Thursday, October 15, 2009

Differences between varchar and nvarchar in SQL Server

The broad range of data types in SQL Server can sometimes throw people through a loop, especially when the data types seem to be highly interchangeable. Two in particular that constantly spark questions are VARCHAR and NVARCHAR: what's the difference between the two, and how important is the difference?

VARCHAR is an abbreviation for variable-length character string. It's a string of text characters that can be as large as the page size for the database table holding the column in question. The size for a table page is 8,196 bytes, and no one row in a table can be more than 8,060 characters. This in turn limits the maximum size of a VARCHAR to 8,000 bytes.

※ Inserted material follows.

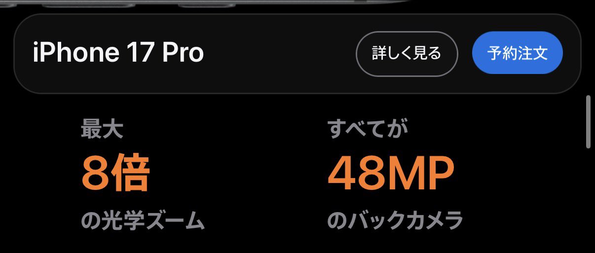 Apple Japan、「iPhone 17 Pro/17 Pro Max」のカメラ「8倍光学ズーム」表記を「光学品質ズーム」に修正

The "N" in NVARCHAR means uNicode. Essentially, NVARCHAR is nothing more than a VARCHAR that supports two-byte characters. The most common use for this sort of thing is to store character data that is a mixture of English and non-English symbols — in my case, English and Japanese.

The key difference between the two data types is how they're stored. VARCHAR is stored as regular 8-bit data. But NVARCHAR strings are stored in the database as UTF-16 — 16 bits or two bytes per character, all the time — and converted to whatever codepage is being used by the database connection on output (typically UTF-8). That said, NVARCHAR strings have the same length restrictions as their VARCHAR cousins — 8,000 bytes. However, since NVARCHARs use two bytes for each character, that means a given NVARCHAR can only hold 4,000 characters (not bytes) maximum. So, the amount of storage needed for NVARCHAR entities is going to be twice whatever you'd allocate for a plain old VARCHAR.

Because of this, some people may not want to use NVARCHAR universally, and may want to fall back on VARCHAR — which takes up less space per row — whenever possible.